Is it like that all the time? Of course not. But all modes of travel have their crap days. To claim that rail doesn’t, is just ignoring reality.


----------



## MARC Rider (Jan 29, 2022)

Ryan said:


> 5 hours later, I’m in San Diego.


Five hours to San Diego? It's usually more like 6 hours westbound, it might be closer to 5 hours eastbound, especially if the jet streams are cooperating. So that makes the total trip 7 or 8 hours. Of course, there's more time at the destination while you wait to claim your bags and then the drive to your final destination. If you're renting a car, there's even more time while you fiddle around with car rental shuttles and the paperwork involved with getting the rental. Basically, a coast-to-coast flight kills a whole working day. Also, my drive to the airport is 35 minutes, and I_ arrive at the airport_ two hours before flight time. The last time I tried cutting it closer, I missed my flight.


----------



## Ryan (Jan 29, 2022)

MARC Rider said:


> Five hours to San Diego? It's usually more like 6 hours westbound, it might be closer to 5 hours eastbound, especially if the jet streams are cooperating. So that makes the total trip 7 or 8 hours. Of course, there's more time at the destination while you wait to claim your bags and then the drive to your final destination. If you're renting a car, there's even more time while you fiddle around with car rental shuttles and the paperwork involved with getting the rental. Basically, a coast-to-coast flight kills a whole working day. Also, my drive to the airport is 35 minutes, and I_ arrive at the airport_ two hours before flight time. The last time I tried cutting it closer, I missed my flight.
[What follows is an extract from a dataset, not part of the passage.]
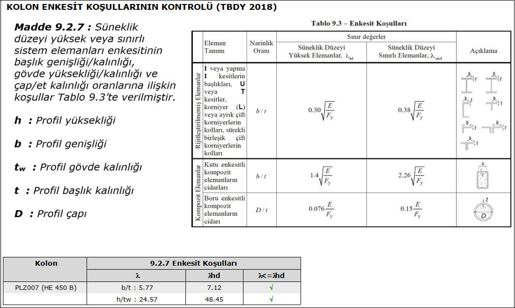 Enkesit koşulu kontrolü, çelik kolon raporunda TBDY 2018 Tablo 9.3’e göre yapılır ve tablo halinde özetlenir.

Maybe it’s 6. Either way, I’m on the ground a little after 11 am PT. By the time I get my bag, get my car, drive through In-n-Out, I’m on NBSD ready for a 1300 meeting. That leaves half of a workday to accomplish things for me.

(I just went and looked at the schedule to confirm, and the early morning nonstop that I was a regular on is no more . The replacement gets in before 11, but requires a 45 min layover and plane change in Vegas)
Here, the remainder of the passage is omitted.